Lisbon’s Sticky Secrets & Slightly Broken Beats
okay, so i’m pretty sure i’m running on fumes and lukewarm espresso. 37.87 feels like 40.27, which is basically a polite way of saying i’m sweating like a marathon runner in a sauna. the pressure’s sitting at 1009, which is… unsettling. humidity’s 33, so it’s like stepping into a warm, damp hug that’s slowly trying to suffocate you. i just checked and it's...there right now, hope you like that kind of thing. i landed in Lisbon yesterday, and honestly, it’s a beautiful mess. like, a really, really beautiful mess.
I was aiming for a chill, ‘discover-the-soul-of-portugal’ vibe, but ended up mostly just wandering around getting lost and eating pastel de nata until my stomach threatened to stage a revolt. the air smells like salt, grilled sardines, and something vaguely floral - probably the jasmine climbing all over the buildings. it’s a chaotic symphony of scooters, shouting vendors, and the mournful wail of fado music drifting from tiny bars.

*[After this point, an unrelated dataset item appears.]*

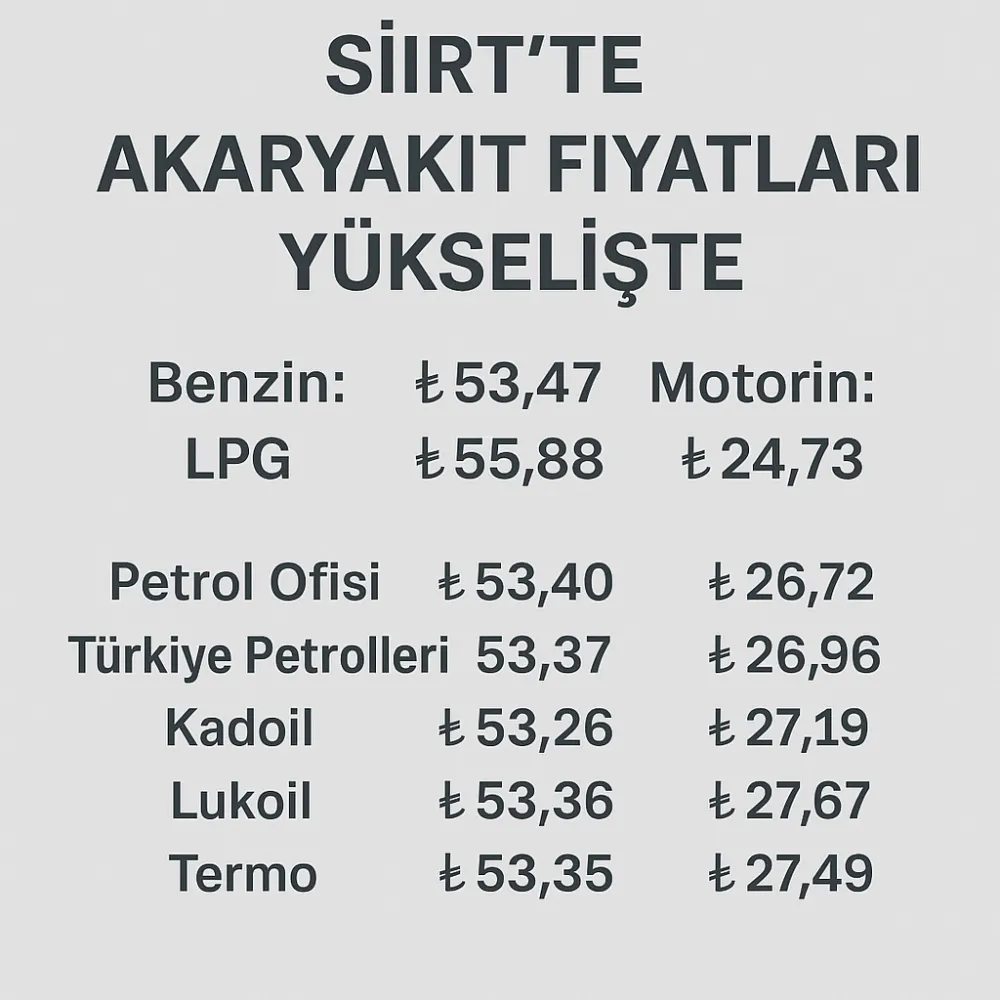 Siirt'te 27 Temmuz 2025 itibarıyla benzin ve motorin fiyatları yüksek seviyelerde seyrediyor. Ortalama fiyatlar şu şekilde:

I’m staying in Alfama, which is basically a giant, crumbling staircase leading to nowhere. it’s charming, in a ‘about-to-collapse-at-any-moment’ kind of way. i found this little guesthouse - ‘Casa da Saudade’ - which is exactly what you’d expect: a place that smells of old wood and forgotten dreams. the owner, Manuel, keeps offering me shots of gin and telling me stories about his grandfather, who apparently wrestled bears in the 1930s. i’m not entirely sure if he’s serious, but it’s entertaining.

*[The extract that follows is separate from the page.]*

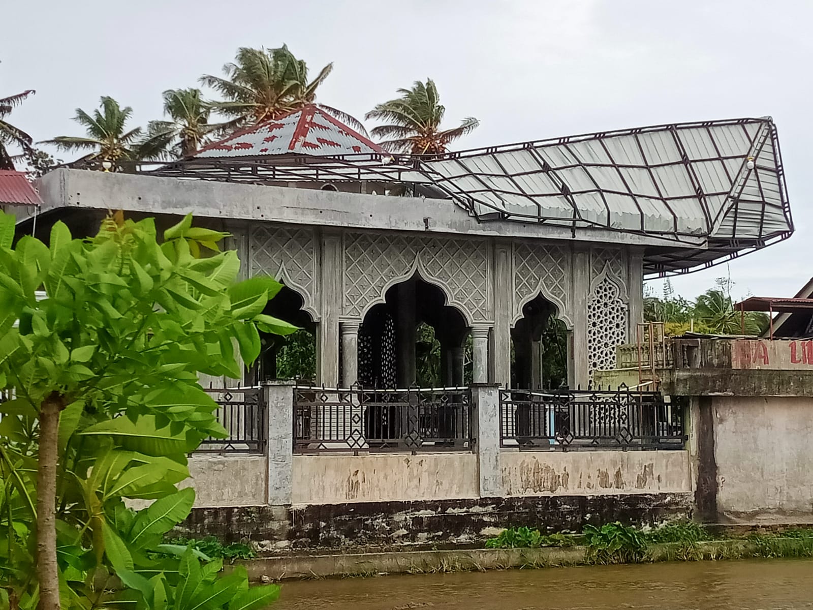 Atap meunasah Gampong Liliep, Kecamatan Simpang Tiga kabupaten Pidie, rusak berat akibat angin kencang, Selasa (09/5/2023).

I spent today exploring the *Castelo de São Jorge - seriously, the views are insane. you can see the whole city sprawled out below you, a patchwork of terracotta roofs and winding streets. someone told me that the peacocks there are notoriously grumpy, so maybe don’t make eye contact. i also stumbled upon a tiny, unmarked tile workshop where an old man was meticulously hand-painting intricate designs. it was mesmerizing. check out more about the castle here: https://www.visitlisboa.com/en/content/castelo-sa%C3%B3-jorge
Then there’s the food. oh god, the food. i’ve eaten more seafood in the last 24 hours than i have in my entire life. grilled octopus, clams in white wine, bacalhau (salted cod) prepared in a million different ways… i’m pretty sure i’m going to turn into a fish. i found this amazing little tasca - ‘Zé do Mar’ - down a side street. it’s tiny, packed with locals, and the seafood is ridiculously fresh. i overheard a drunk tourist telling the waiter that the arroz de marisco was “the best thing he’d ever tasted,” which, honestly, felt a little dramatic.

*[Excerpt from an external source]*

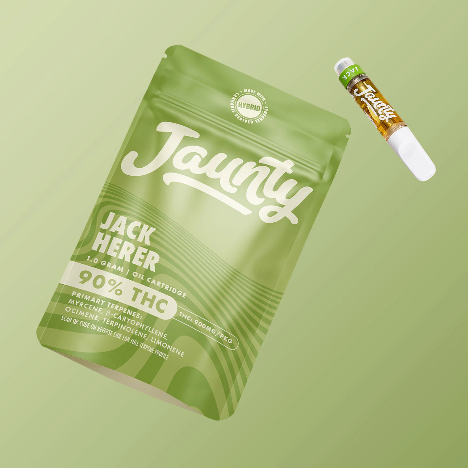 Jaunty’s classic 510-thread vape cartridges combine proprietary blends of cannabis-derived terpenes with CO2-extracted cannabis oil, delivering true-to-strain flavors and effects-based profiles. Jack Herer is one of the most well-known hybrid strains. Each hit is filled with fragrant citrus notes and pine overtones, delivering uplifting and euphoric effects perfect for any social setting.

I’m trying to capture the energy of the city with my camera, but it’s proving difficult. Lisbon is just… loud. it’s a sensory overload. i’m aiming for gritty, authentic, a little bit broken. here’s a shot i took near the LX Factory*, a repurposed industrial complex filled with cool shops and restaurants:
Speaking of the LX Factory, it’s a total vibe. it’s like a hipster’s dream come true - vintage shops, street art, independent designers, and a whole lot of exposed brick. i found this incredible vintage store called ‘Lost & Found’ - they had the coolest collection of 70s dresses. if you get bored, Porto is just a short drive away.
I also checked out a few local boards - https://www.reddit.com/r/lisbon/ - and it seems like the best thing to do is just wander and get lost. apparently, there’s a secret fado bar hidden in the Alfama district that only locals know about. i’m determined to find it.
Here’s a little snippet of overheard gossip from a cafe near Rossio Square: `
“Don’t trust the taxi drivers near the train station. They’ll overcharge you, I swear. And watch out for the pigeons - they’re vicious.”
` Seriously, the pigeons are terrifying.
I’m heading to Belém tomorrow to visit the Jerónimos Monastery and the Belém Tower. i heard that the custard tarts there are even better than the ones in Pastelaria de Belém. i’m not taking any chances.
And one last thing: if you’re looking for a good place to eat, check out this Yelp review: https://www.yelp.com/biz/time-out-lisbon-restaurant-lisbon
Okay, i need more coffee. and maybe a nap.
Seriously, the energy here is something else. it’s like the city is constantly buzzing with a million different stories.
One more thing i heard: `
“The best way to see Lisbon is on foot. Just get lost and you’ll find something amazing.”
` It’s true, I think.
And finally, a little tip from a local: `
“Always carry cash. Many places don’t accept cards.”
` Lesson learned.
I’m off to find another pastel de nata. wish me luck.